Les auteurs de l'article que je résumerai brièvement ici ajoutent du poids à une explication selon laquelle « un petit trait devient un grand trait ». Benkman et Lindholm ont étudié le pic vert (Loxia curvirostra) pour examiner comment le bec étrange de cet oiseau a évolué. Le pic vert, comme son nom l'indique, possède un bec croisé. Le bec inférieur s'incurve d'un côté et le bec supérieur s'incurve de l'autre. La forme inhabituelle du bec aide ces oiseaux à extraire les graines des cônes de pin.

Le bec des oiseaux, comme les ongles des pieds des humains, peut être coupé sans blesser l'organisme. Et, tout comme les ongles, ils repoussent. Les auteurs ont utilisé des coupe-ongles pour tailler les becs des oiseaux de manière à ce qu'ils ne se croisent pas. Il a fallu environ 36 jours pour que les becs repoussent d'un état non croisé à un état croisé. Les auteurs ont utilisé cette croissance du bec pour refléter le changement phylogénétique probable des oiseaux à bec non croisé vers les oiseaux à bec croisé.

Les auteurs ont d'abord séparé les oiseaux en un groupe témoin et un groupe expérimental. Ils ont ensuite mesuré combien de temps il fallait aux oiseaux de chaque groupe pour extraire des graines d'un cône. Les deux groupes étaient statistiquement identiques. Ils ont ensuite coupé les becs du groupe expérimental et mesuré, sur une période de 36 jours, combien de temps il fallait à chaque groupe pour retirer des graines d'un cône. Comme on pouvait s'y attendre, le groupe témoin n'a pas changé au cours de l'expérience car il est resté inchangé. Le groupe expérimental, en revanche, a changé. La première journée après la coupe, il a fallu en moyenne 5,28 secondes à un oiseau pour atteindre une graine. C'était une augmentation par rapport aux 1,34 secondes avant la coupe. Au fur et à mesure que l'expérience progressait, les oiseaux sont devenus de plus en plus habiles jusqu'à ce qu'à 36 jours, il ne leur fallait plus que 1,68 seconde pour obtenir une graine (statistiquement non significativement différent de 1,34). Cette augmentation de la collecte de graines a été interprétée comme une fonction du croisement des becs. Les auteurs ont conclu que le trait de bec croisé a été sélectionné à chaque étape depuis un ancêtre à bec non croisé, car à mesure que le bec devenait de plus en plus croisé, la capacité des oiseaux à sécuriser rapidement la nourriture augmentait. Ils ont également noté que de légers croisements de bec ont été observés chez des espèces d'oiseaux à bec droit.

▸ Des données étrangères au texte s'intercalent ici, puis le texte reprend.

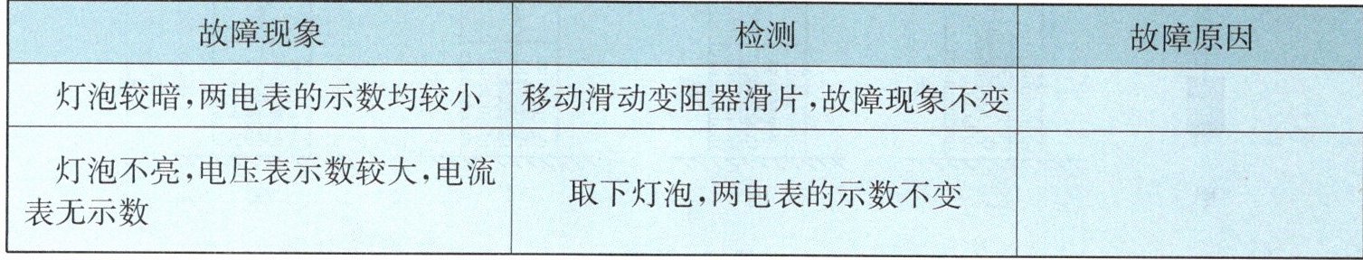 (2) 实验电路接好后,闭合开关时,部分同学发现电路出现故障,主要有下表所列的两种情况,请根据现象和检测结果指出导致故障的可能原因。

John Krebs (dans l'article « News and Views » ci-joint) note que le papier ne traite pas des changements de musculature, de la morphologie de la langue et du comportement qui doivent accompagner le changement de morphologie du bec. Mais, il note que ces oiseaux offrent une voie très intéressante pour aborder des questions de ce type.

Il note également que, selon la légende, ces pics croisés rouges ont obtenu leurs becs croisés en essayant d'enlever les clous de la croix de Jésus-Christ. La coloration rouge des mâles symbolisait son sang. Pour une raison quelconque, j'aime mieux la première explication 8-)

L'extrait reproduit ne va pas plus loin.